2 Thoughts on “The Bi-polar Extremes of Talk Radio

  1. It’s funny David but when I got to the part about Rush Limbaugh warning conservatives to prepare to be arrested and taken off to concentration camps I was thinking –

    I had better tell David that “liberals”, including some U*Us, were saying very much the same thing, except the alleged concentration camps were intended for “liberals”, during the Bush administration. One does have to wonder where this rumor arises from. The version I heard was that FEMA was building concentration camps. There is a version of this rumor that says these alleged concentration camps are intended to hold illegal aliens. Maybe there is some grain of truth to them if things resembling concentration camps are in fact being built by the U.S. government. Of course your typical military base could stand in far a concentration camp in a pinch couldn’t it?

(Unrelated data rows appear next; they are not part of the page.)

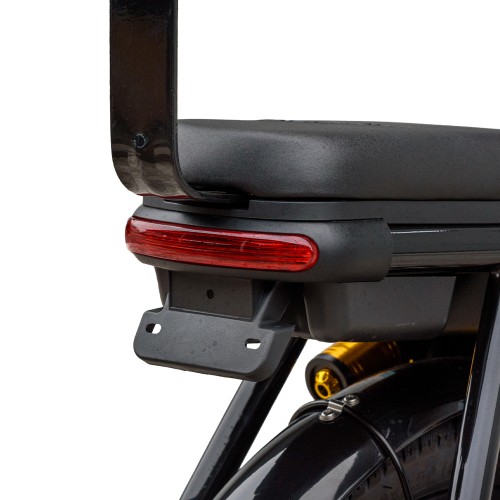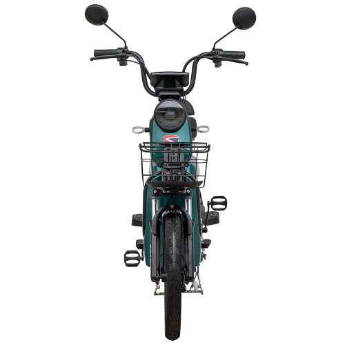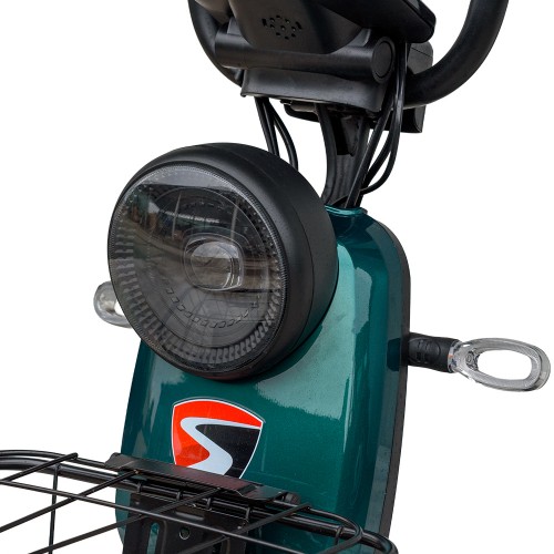 Передня гідравлічна вилка ефективно поглинає нерівності дороги, ями, бруківку чи стежки в парку, а задня амортизація додає м’якість ходу. Барабанні гальма на передньому і задньому колесі забезпечують надійне гальмування на будь-якому покритті, навіть мокрому. Металева передня корзина з антикорозійним покриттям витримує повсякденні навантаження і дозволяє зручно перевозити покупки або дрібні речі, а сигналізація з пультом і сиреною підвищує безпеку під час паркування.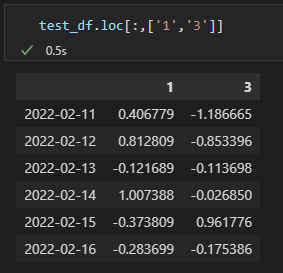 - test_df.loc [row(시작):row(끝), '칼럼명']와 같이 행과 칼럼에 조건에 맞는 데이터 선택하기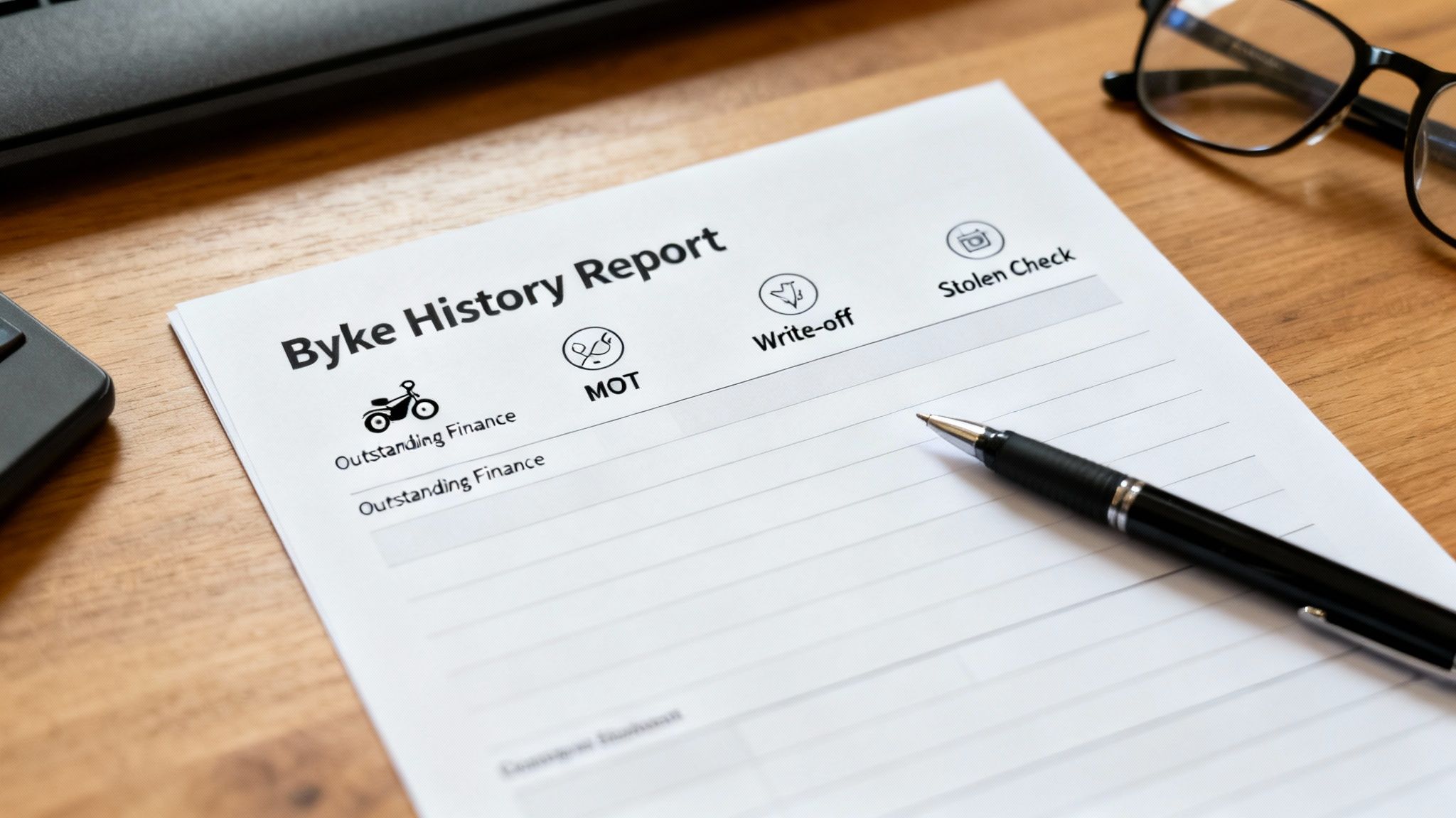The real value of a professional check is in the data you can't get for free. It’s the finance, theft, and write-off history that reveals a bike’s true story and stops you from making a catastrophic buying mistake.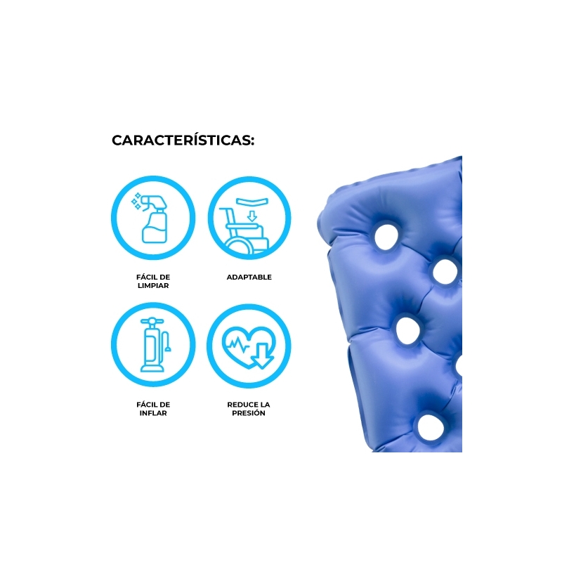 Si en tu familia o consultorio médico hay un enfermo inmovilizado, un anciano con poca movilidad o una persona mayor que pasa largos periodos de tiempo sentada o en una sola posición éste asiento hinchable puede ser el artículo ortopédico que les ayude a evitar y menguar las molestias proporcionándoles alivio, soporte y bienestar en personas operadas de hemorroides, postradas por tiempo prolongado o en el post-parto.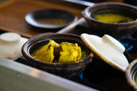 Steamy hot clay pot chicken rice being cooked in restaurant. Popular delicacy in Malaysia
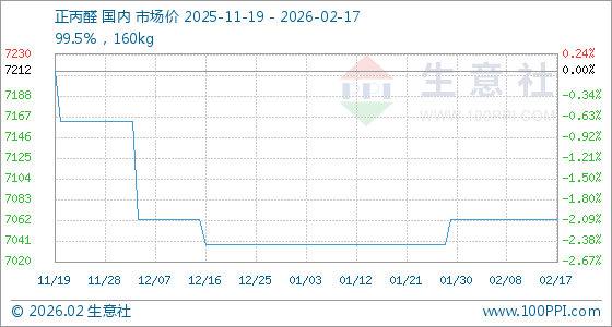 2月17日,生意社正丙醛基准价为7062.50元/吨,与本月初持平。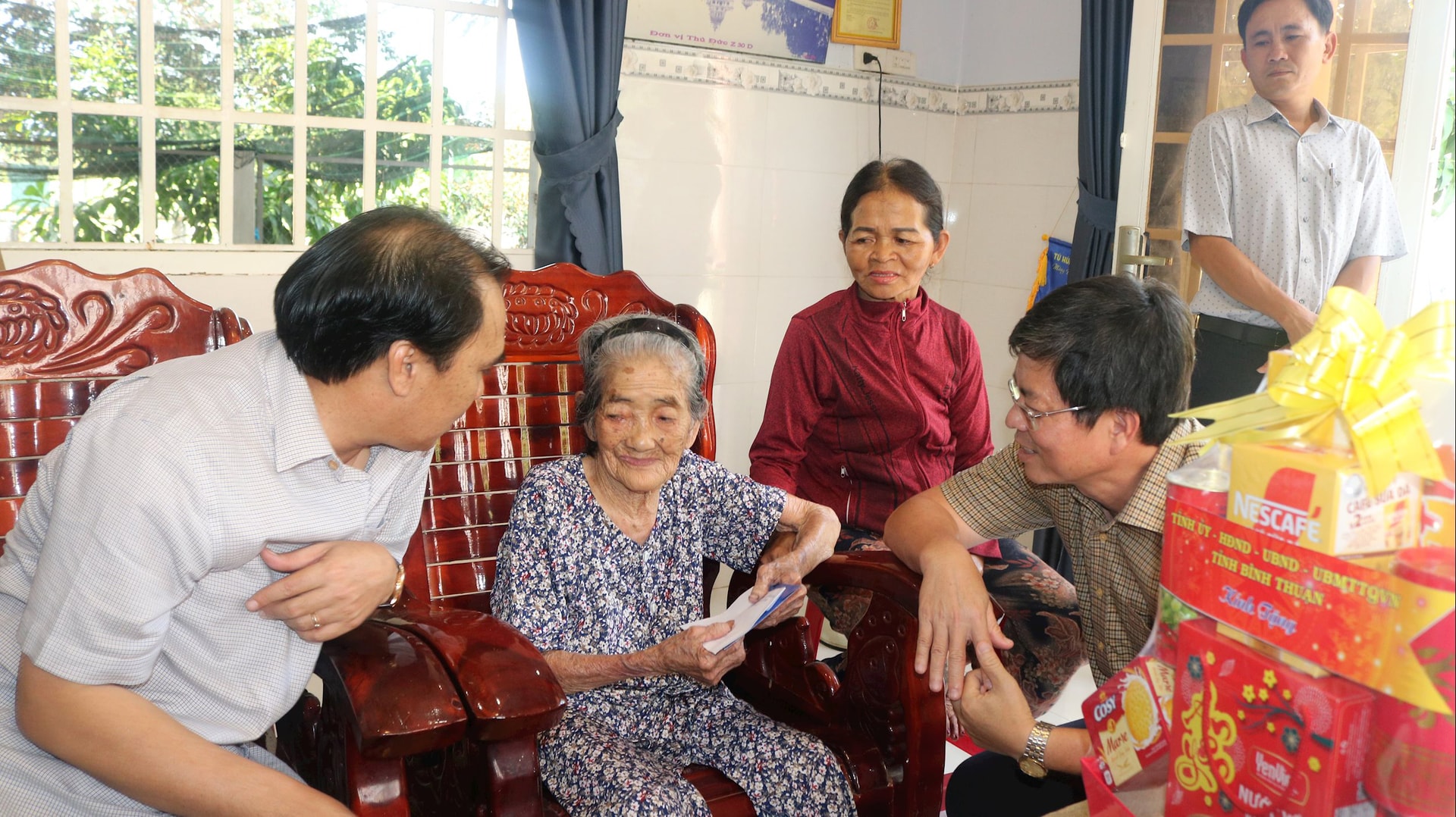 Ở tuổi thượng thọ xưa nay hiếm của Mẹ VNAH Dương Thị Thạnh đã khiến chúng tôi tìm đến căn nhà của mẹ nằm khá sâu bên con đường bê tông xi măng nhỏ từ ngoài quốc lộ 1A vào cuối thôn 1, xã Hàm Tân, tỉnh Lâm Đồng. Trước đó, 2 lần chúng tôi lần lượt được tháp tùng đoàn công tác của Phó Bí thư Thường trực Tỉnh ủy Đặng Hồng Sỹ thăm, tặng quà Mẹ VNAH Dương Thị Thạnh trong dịp kỷ niệm Ngày Thương binh - Liệt sĩ (27/7/1947 - 27/7/2024); Ủy viên Ban Thường vụ Tỉnh ủy, Phó Chủ tịch UBND tỉnh Nguyễn Hồng Hải thăm mẹ Thạnh dịp kỷ niệm 50 năm Ngày giải phóng miền Nam, thống nhất đất nước. Ở 2 lần ấy, Mẹ VNAH Dương Thị Thạnh được cán bộ Đoàn địa phương và người con dâu dẫn ngồi ở ghế salon gỗ trong ngôi nhà xây tươm tất, mẹ từ tốn chìa ra bắt tay các đồng chí trong đoàn lãnh đạo tỉnh đến thăm, chúc sức khỏe. Chị Lê Thị Biên, người con dâu của mẹ ghé gần nói vào tai cho mẹ nghe rõ hơn lời thăm hỏi ân cần của 2 đồng chí đại diện lãnh đạo Tỉnh ủy, UBND tỉnh làm Trưởng đoàn lúc ấy thăm mẹ ở thị trấn Tân Nghĩa (cũ), nay là xã Hàm Tân. Mẹ Thạnh cười móm mém, gật đầu, tỏ ý cám ơn sự quan tâm của lãnh đạo tỉnh dành cho gia đình có công với cách mạng. Các đồng chí lãnh đạo tỉnh đã bày tỏ sự biết ơn sâu sắc đối với những đóng góp của Mẹ VNAH Dương Thị Thạnh trong kháng chiến khốc liệt; chúc mẹ thượng thọ sống lâu, vui tuổi già cùng con cháu, như điều phúc của gia đình; đồng thời, gửi món quà của tỉnh tri ân sự hi sinh thầm lặng một thời của mẹ, góp phần vào thống nhất non sông.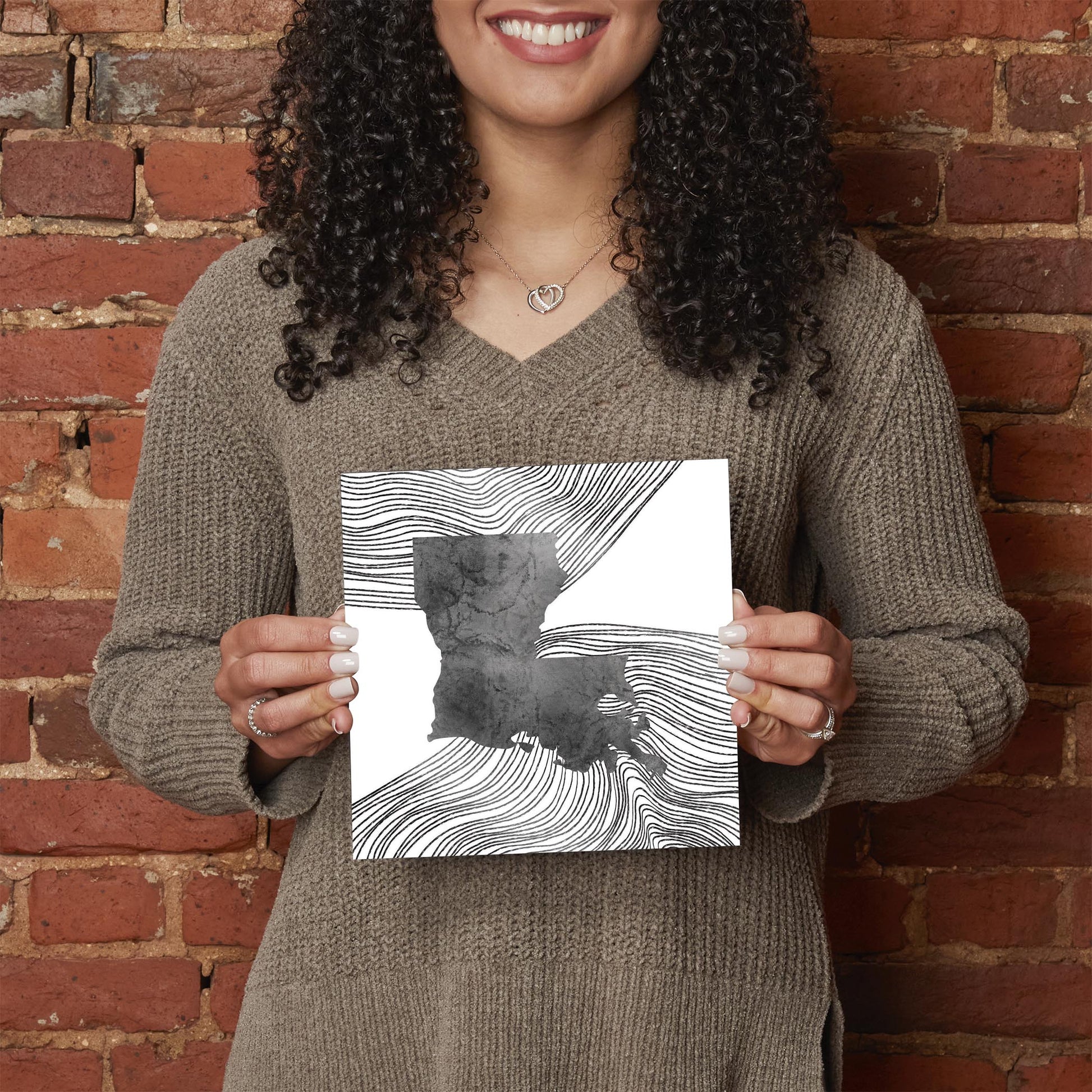 Modern Louisiana State Shape With Fluid Lines | Hi-Def Glass Art | Eaches | Min 2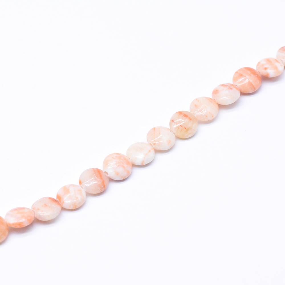 天然石ビーズ ライトレッドガーデンクォーツ ボタン型 1連(約50ケ)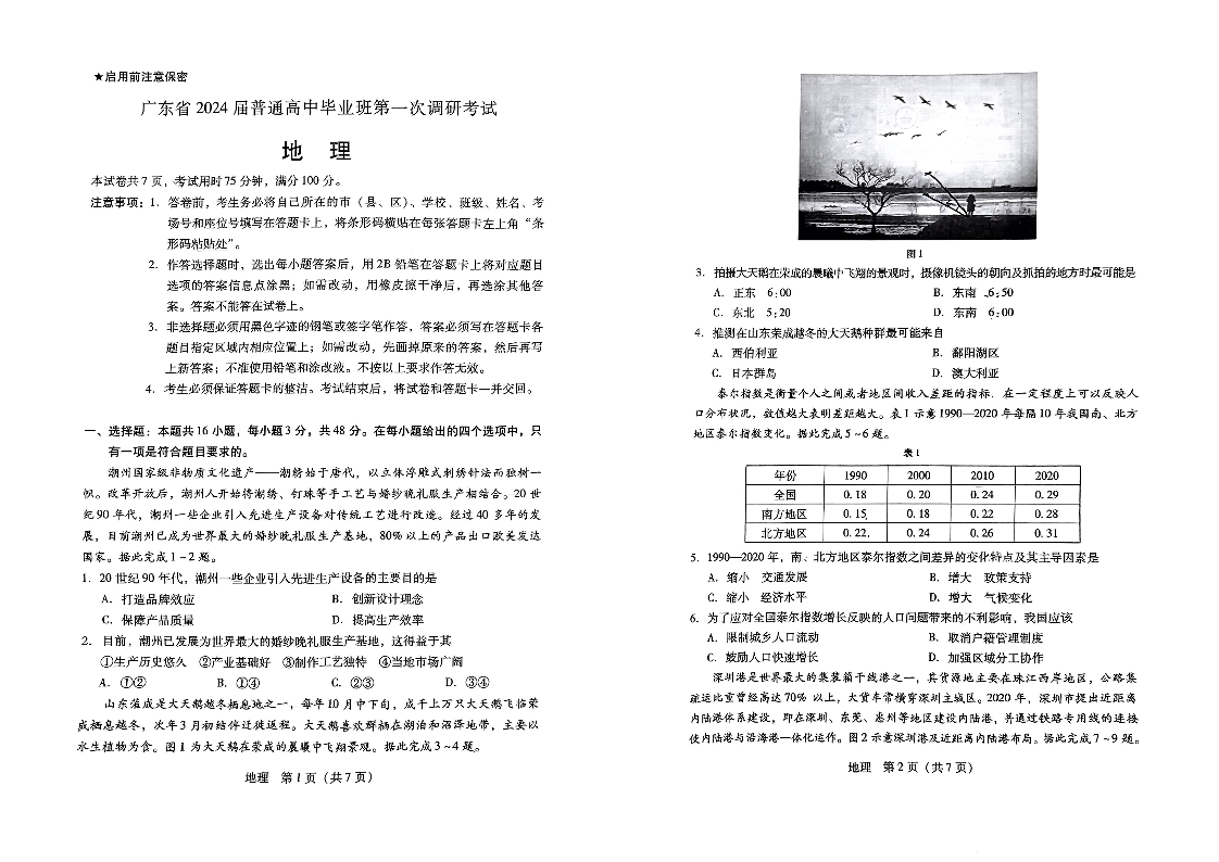 广东省2024届高中毕业班第一次调研考试(粤光联考)地理

    BTW If your parting shot is a veiled reference to U*Us Know Who I blogged about him again today on The Blog That Cannot Be Named and on the Hopelessness and Patriotism post of the UUbuntu blog. If one is going to point to anti-liberal hate speech on right wing talk radio as being a or indeed *the* motivation for his attack on U*Us Know Where, one cannot ignore the fact that he claimed to be subjected to capital ‘H’ Hate in his suicide letter cum “manifesto”. Well actually you can ignore that and most U*Us blaming right wing talk radio for motivating the attack do just that. Which I why I feel obliged to point out the fact that he felt Hated by U*Us. Who is to say that anti-conservative hate speech directed *at* him and other conservatives by U*Us was not a motivating factor as well?

  2. Charlie Talbert on Friday March 27, 2009 at 16:28 +0000 said:

    I also prefer NPR and BBC for content.

    But I hear what you’re saying about Rush’s style. It can be seductive if you can tone out what he’s actually saying. In the same vein, I used to be enormously enthralled by Jimmy Swaggart’s delivery – the best televangelist there’s ever been IMO – even though, shall we say, there was little overlap in our religious views.

    Ronald Reagan’s radio addresses in the late 1970s were outstanding, in style AND content. He helped me see that conservatives have important values and outlooks that need to be considered.

    Back to Rush, I look at it this way: People like him are always around, on the right and the left, just as harmful bacteria are always in our bodies. As long as our democracy stays healthy, though, it remains immune to their poisonous infections. Fair and competent radio programming like NPR’s and BBC’s strengthens our commonweal. I wish more people listened.